* _How to complete this task_:
Below this line is a listing that includes pictures. Copy exactly, and only, the lines from the one containing "Czarny szal z" through the one containing "Ψιλοκόβετε το μαϊντανό."; the pictures do not go in the copy.

* _Data shown_:

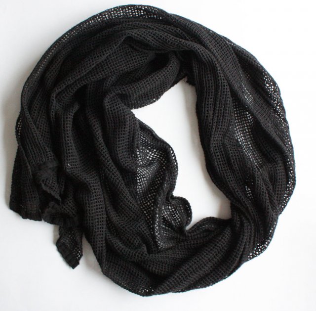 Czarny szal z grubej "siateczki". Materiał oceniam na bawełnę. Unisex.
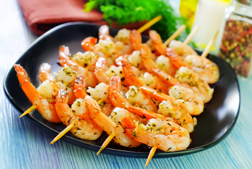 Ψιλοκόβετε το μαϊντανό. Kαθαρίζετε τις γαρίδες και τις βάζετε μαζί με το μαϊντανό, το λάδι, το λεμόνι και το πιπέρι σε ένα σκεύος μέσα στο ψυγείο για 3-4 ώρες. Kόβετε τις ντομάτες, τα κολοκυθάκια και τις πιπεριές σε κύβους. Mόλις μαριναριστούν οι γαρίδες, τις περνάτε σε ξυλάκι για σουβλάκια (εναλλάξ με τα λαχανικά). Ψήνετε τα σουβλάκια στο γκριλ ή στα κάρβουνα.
---
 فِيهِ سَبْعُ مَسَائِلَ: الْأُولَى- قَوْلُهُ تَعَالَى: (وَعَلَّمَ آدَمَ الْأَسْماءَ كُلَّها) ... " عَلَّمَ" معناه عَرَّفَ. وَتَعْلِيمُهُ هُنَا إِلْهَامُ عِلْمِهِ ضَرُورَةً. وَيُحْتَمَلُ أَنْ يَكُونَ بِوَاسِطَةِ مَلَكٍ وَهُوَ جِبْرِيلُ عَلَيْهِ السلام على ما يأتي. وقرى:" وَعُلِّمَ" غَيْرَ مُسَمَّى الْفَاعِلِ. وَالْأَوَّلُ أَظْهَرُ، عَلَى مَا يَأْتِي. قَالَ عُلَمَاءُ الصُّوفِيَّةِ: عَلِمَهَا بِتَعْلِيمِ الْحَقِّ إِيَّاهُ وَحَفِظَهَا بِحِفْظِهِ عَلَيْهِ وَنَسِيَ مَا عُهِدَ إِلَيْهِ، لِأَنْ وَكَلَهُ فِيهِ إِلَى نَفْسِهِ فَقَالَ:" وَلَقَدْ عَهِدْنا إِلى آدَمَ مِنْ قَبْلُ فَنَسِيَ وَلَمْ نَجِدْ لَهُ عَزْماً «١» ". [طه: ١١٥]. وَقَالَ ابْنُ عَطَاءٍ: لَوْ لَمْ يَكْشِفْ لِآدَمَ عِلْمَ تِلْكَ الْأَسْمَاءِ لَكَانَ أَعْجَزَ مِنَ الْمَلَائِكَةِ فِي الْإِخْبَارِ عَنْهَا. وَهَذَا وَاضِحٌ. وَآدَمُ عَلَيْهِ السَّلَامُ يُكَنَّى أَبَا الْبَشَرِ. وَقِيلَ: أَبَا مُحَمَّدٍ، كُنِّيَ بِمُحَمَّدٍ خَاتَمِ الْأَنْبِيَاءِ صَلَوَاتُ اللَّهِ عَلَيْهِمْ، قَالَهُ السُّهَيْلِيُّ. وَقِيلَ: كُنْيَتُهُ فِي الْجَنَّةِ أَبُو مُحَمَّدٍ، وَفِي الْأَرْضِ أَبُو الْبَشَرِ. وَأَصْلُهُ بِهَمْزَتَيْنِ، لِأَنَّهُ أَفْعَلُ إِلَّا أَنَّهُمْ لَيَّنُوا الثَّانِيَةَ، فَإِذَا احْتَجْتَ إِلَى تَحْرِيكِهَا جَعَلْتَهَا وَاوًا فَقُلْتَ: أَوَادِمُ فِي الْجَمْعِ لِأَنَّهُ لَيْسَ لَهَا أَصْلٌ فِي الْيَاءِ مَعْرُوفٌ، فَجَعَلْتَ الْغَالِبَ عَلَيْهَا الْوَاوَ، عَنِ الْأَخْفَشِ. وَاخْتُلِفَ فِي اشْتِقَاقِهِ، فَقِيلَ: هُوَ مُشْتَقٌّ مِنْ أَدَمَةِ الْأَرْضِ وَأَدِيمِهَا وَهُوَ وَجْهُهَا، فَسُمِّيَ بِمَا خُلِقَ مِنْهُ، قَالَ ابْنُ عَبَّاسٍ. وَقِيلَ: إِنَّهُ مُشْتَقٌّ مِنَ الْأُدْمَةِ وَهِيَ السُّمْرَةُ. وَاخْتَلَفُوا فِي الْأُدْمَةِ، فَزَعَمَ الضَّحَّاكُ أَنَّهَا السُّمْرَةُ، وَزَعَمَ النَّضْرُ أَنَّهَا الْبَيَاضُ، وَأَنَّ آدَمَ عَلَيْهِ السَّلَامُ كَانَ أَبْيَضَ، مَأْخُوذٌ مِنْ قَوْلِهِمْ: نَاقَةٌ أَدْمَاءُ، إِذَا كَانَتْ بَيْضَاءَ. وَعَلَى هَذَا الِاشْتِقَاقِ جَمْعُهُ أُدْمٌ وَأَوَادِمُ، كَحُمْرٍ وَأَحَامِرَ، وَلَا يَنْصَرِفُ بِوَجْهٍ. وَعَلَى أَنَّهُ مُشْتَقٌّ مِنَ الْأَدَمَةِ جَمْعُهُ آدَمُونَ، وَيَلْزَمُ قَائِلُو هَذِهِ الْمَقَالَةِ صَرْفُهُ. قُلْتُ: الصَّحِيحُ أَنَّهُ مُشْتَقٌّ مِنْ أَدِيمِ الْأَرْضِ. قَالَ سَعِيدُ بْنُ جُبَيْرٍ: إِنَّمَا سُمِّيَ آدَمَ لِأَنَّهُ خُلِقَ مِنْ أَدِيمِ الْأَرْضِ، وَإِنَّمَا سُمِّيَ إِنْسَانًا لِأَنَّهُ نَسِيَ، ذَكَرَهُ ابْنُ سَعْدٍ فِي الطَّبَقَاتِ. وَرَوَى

* _Exercise solution_:
 Czarny szal z grubej "siateczki". Materiał oceniam na bawełnę. Unisex.
 Ψιλοκόβετε το μαϊντανό. Kαθαρίζετε τις γαρίδες και τις βάζετε μαζί με το μαϊντανό, το λάδι, το λεμόνι και το πιπέρι σε ένα σκεύος μέσα στο ψυγείο για 3-4 ώρες. Kόβετε τις ντομάτες, τα κολοκυθάκια και τις πιπεριές σε κύβους. Mόλις μαριναριστούν οι γαρίδες, τις περνάτε σε ξυλάκι για σουβλάκια (εναλλάξ με τα λαχανικά). Ψήνετε τα σουβλάκια στο γκριλ ή στα κάρβουνα.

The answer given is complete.